Dammbruch des Parlamentarismus und des Repräsentativsystems: die Demokratie?

Il 20 e 21 giugno scorsi, presso l’Università di Francoforte, si è tenuto un convegno coordinato da Francesca Fabbri-Müller dedicato ai nuovi movimenti democratici italiani e francesi nati in risposta alla globalizzazione politico-finanziaria.

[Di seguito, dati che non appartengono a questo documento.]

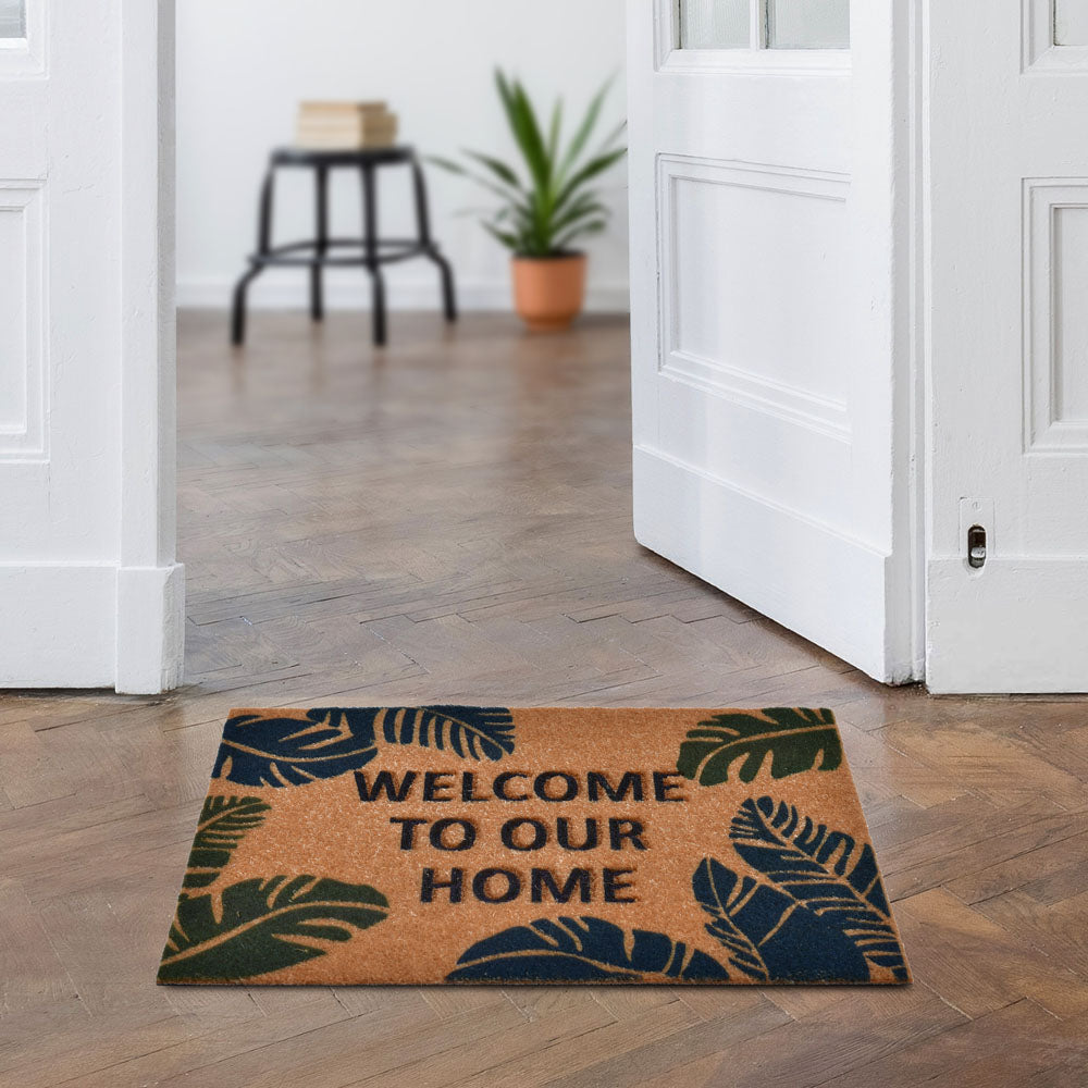 The Nilkamal Homes Welcome Printed Polyester Anti-Slip Door Mat combines durability and style with its polyester & recycled TPE backing construction. Its printed "welcome to our home" text adds a touch of elegance to your doorstep, greeting guests with charm. The anti-slip feature makes it perfect for indoor and outdoor use, enhancing safety and preventing accidents. It effectively traps dirt and debris, keeping your home clean and inviting. Cleaning is a breeze—simply use a vacuum for regular maintenance and deeper cleaning.

Bisogna subito dire che sul convegno ha aleggiato fin da subito un’ombra: Berlusconi. Non solo per il fenomeno in sé, quanto per il fatto che pochi giorni prima in Italia era stata approvata la legge sull’immunità. Berlusconi è stato tema esplicito dell’intervento di Adrien Candiard (École Nationale Superieur, Parigi): “Il governo Berlusconi: anomalia o modello neoliberale?”. Candiard parte dal concetto tipico italiano di anomalia. Strappi come Berlusconi o Mussolini sono normalmente eccezioni, in Italia anomalie. Anche Mussolini cominciò come anomalia italiana e divenne quasi un modello europeo. Seguirà anche Berlusconi lo stesso percorso?

Nicola Tranfaglia (Università di Torino) ha aperto il convegno parlando dei rapporti tra media e politica, cercando di inquadrare il fenomeno Berlusconi all’interno della situazione italiana. Situazione “debole”, particolare anche prima del suo avvento. Uno dei problemi, forse il meno conosciuto nonostante la sua importanza, è l’assenza di fatto in Italia di editori puri, con i conseguenti intrecci tra stampa, economia e politica.

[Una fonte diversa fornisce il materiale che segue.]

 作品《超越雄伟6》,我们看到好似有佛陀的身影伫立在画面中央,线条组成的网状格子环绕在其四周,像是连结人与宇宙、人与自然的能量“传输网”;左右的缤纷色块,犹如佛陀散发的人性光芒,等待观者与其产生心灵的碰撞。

Il successivo intervento di Bernard Cassen (Le Monde Diplomatique) è stato dedicato ad Attac-France e al Forum Sociale Mondiale di Porto Alegre, punto di partenza di un vero movimento mondiale, contraltare del forum economico di Davos. Il forum sociale e le sue versioni locali esprimono il bisogno di impegno politico attivo, il desiderio di guidarsi e non essere guidati. Questi forum, espressione di bisogni profondi, sono però ancora vittime di ambiguità e contraddizioni non risolte. Il rischio maggiore, dice Cassen, è costituito dal sottile confine tra radicamento e radicalizzazione.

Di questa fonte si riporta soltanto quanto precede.